For the other half (forms that don’t use Ajax, as in the original example), we need to get a little more sneaky. What we want is to add a event listener for form submits that will globally trigger on any form–even those that are added dynamically. Luckily, jQuery’s on has exactly what we need:

$(document).on('submit', 'form'), function(evt) {
    var form = $(e.target);
    if (form.attr('action') && form.attr('action').toUpperCase() === 'POST') {
        form.not(':has(input#csrf-token)').append(
            '<input type="hidden" id="csrf-token" name="csrf-token" value="' + csrf_token + '" />'
        );
    }
});

One note for both of these methods is that they will add the CSRF token to every request, even those that are going to other sites. For the increasingly common practice of mashups, this won’t be quite what you want, but it shouldn’t be difficult to add.

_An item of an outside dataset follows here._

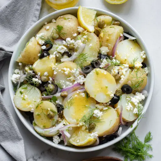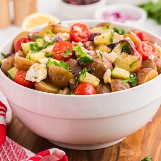 View Recipe HereThis Greek Potato Salad is a fresh, mayo-free twist on the classicpacked with tender potatoes, feta, olives, and a zesty lemon dressing. Perfect for summer!

On the server side, we want to write a Zend_Controller_Plugin_Abstract, specifically the preDispatch function. Like the ajaxPrefilter function, this can be used to apply to all requests, globally enabling CSRF protection. We’ll want something like this:

// CSRFPlugin.php
<?php
class CSRFPlugin extends Zend_Controller_Plugin_Abstract {
    public function preDispatch(Zend_Controller_Request_Abstract $request) {
        if (request->getMethod() == 'POST') {
            if (!isset($_POST['csrf-token']) || $_POST['csrf-token'] != $_SESSION['csrf-token']) {
                { ... logic to log CSRF validation failures ... }
                exit(); // Stop the request from processing
            }
        }
   }
}
?>

// index.php
<?php
Zend_Controller_Front::getInstance()->registerPlugin(new CSRFPlugin());
?>

And that’s all you need. Of course, in practice you’d likely want to more tightly integrate this with your own code base (use structures that you’re already creating / hooking into error reporting frameworks / better filtering for requests that need or don’t need CSRF protection), but at least it’s a start.